The psychiatrist tried to convince the court that the patient was not yet ready, but Orange County — in its great wisdom — decided that clearing a bed in the hospital overruled what was right for the patient and turned him over to two men in mania.

This incident and an earlier one have moved me to make sure that my psychiatric advance directive precludes anyone but my wife and my cousins from removing me from care.

The law which allows this was crafted by overzealous patient rights activists who found allies in cost-cutting legislators. When they emptied the hospitals, they did not provide outpatient care as they promised. To ensure that the truly difficult cases didn’t remain on the public weal indefinitely, they crafted this bill to lance what they saw as a rising boil. It allowed anyone to go to a court and sign a patient out of the hospital. Then dump them on Skid Row.

Bipolars who help other bipolars mean well. They don’t want their friends cooped up forever. When friends have come to me, however, I prefer to leave it to their families and their psychiatrists to decide, which these two did not do. I encourage those on the inside to work through their treatment and be well when they leave.

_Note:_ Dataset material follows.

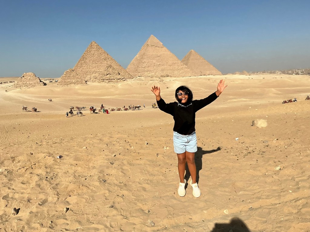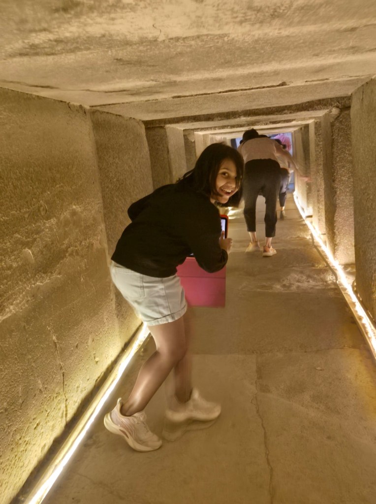 Have you seen the Great Pyramids of Giza in person? Well, if not, this blog is going to take you there. Before I reached the pyramids of Giza, I visited another pyramid called Saqqara also known as the step pyramid which was built before the pyramids of Giza. Earlier, our guide had told us to go inside another pyramid nearby to Saqqara, called pyramid Unas. I was looking forward to this, imagining myself walking chamber to chamber seeing all of the objects that once belonged to a living person. But I was wrong. To enter the pyramid, I needed to bent down a bit as the entrance was very steep and narrow. But I got a closer look at the walls and was surprised that the whole pyramid is made of granite. As soon as I got to the end, I saw a room with walls full of hieroglyphics. I could read some of them, as I have learned about them at school. There was also another room where I saw a tomb. Luckily, there was no mummy in it. It was just one empty tomb. I thought of becoming an archaeologist when I grow up, but then, I remembered that every mummy has a curse within them. So, I stopped thinking about it. There was also a bad, musty smell in the pyramid, but I figured out that it must be because of the long time it has stood in the desert.

I feel there needs to be oversight over the process, requiring that those who remove the patient from the hospital be responsible for their care. Ideally I would restrict the right to patient families and to individuals specifically named in psychiatric advance directives.

Patient rights advocates have told me that they will oppose such a law. Why? Because it will make their job harder. “We have to do what the patient wants,” they tell me. I understand where the law came from. It was designed to protect patients from scheming doctors and family members who want to keep them inside forever. But the same patients are not protected from ruthless private conservatorships which can seize their assets and spend the money while taking a fee for their “services”. Or from patient rights advocates who don’t think a recent suicide attempt merits extra watchfulness. Or reactionary courts out to practice a little Social Darwinism.

That’s California for you. We throw the sick into the streets or find a way to make money from them. All without accountability.

Accountability can be a very hard concept for bipolars in mania and court officials to grasp.